L’Fda ha stabilito che l’antiaritmico dronedarone non debba essere prescritto ai pazienti con fibrillazione atriale (FA) permanente. In questi casi, secondo i dati raccolti dall’agenzia americana, l’uso del farmaco può raddoppiare il tasso di morti cardiovascolari, stroke e scompenso cardiaco.

La revisione del labelling del farmaco era iniziata lo scorso mese di luglio sulla base dei dati di due studi clinici, uno dei quali è lo studio PALLAS, i cui dati definitivi sono appena stati pubblicato sul NEJM. Nel PALLAS il rischio complessivo di eventi vascolari maggiori dei paziente trattati con dronedarone è risultato 2,2 volte maggiore rispetti ai controlli. Sulla base di questi dati, lo scorso luglio, il Data Monitoring Committee dello studio aveva deciso che il trial dovesse  essere stato interrotto in anticipo.
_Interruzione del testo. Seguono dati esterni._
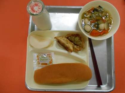 今日の献立は、コッペパン、アプリコットジャム、中華煮、揚げ餃子、なし(豊水)、牛乳です。

Già in precedenza la scheda tecnica americana del farmaco era stata integrate con i dati che evidenziavano possibili rischi epatici e con un “boxed warning” sull’impiego nei pazienti con scompenso cardiaco.

Lo scorso mese di settembre, l’Ema aveva stabilito che l’impiego del farmaco dovesse essere limitato ai pazienti con fibrillazione atriale parossistica o persistente.
Dronedarone blocca i canali del calcio, del potassio e del sodio, e ha anche effetti antiadrenergici. E' un derivato dell'amiodarone, che di tutti gli antiaritmici  è quello più efficace nella FA. A differenza di quest'ultimo, non contiene iodio e non possiede quindi una buona parte degli effetti indesiderati evidenziati dallo stesso amiodarone, principalmente a livello della tiroide.

Si stima che in Europa la FA colpisca circa 4,5 milioni di persone mentre in Italia i malati sono circa 500mila, con 50-100mila nuovi casi ogni anno. Il dato, tuttavia è sottostimato perché non tiene conto di tutti i pazienti che hanno forme silenti, pericolose perché si tratta di pazienti non protetti con alcun farmaco specifico.
La FA è una causa maggiore di ricoveri ospedalieri e di mortalità e si sta imponendo quale problema sanitario emergente per via del progressivo invecchiamento della popolazione, tanto che nelle persone oltre gli 80 anni ha una prevalenza del 10%.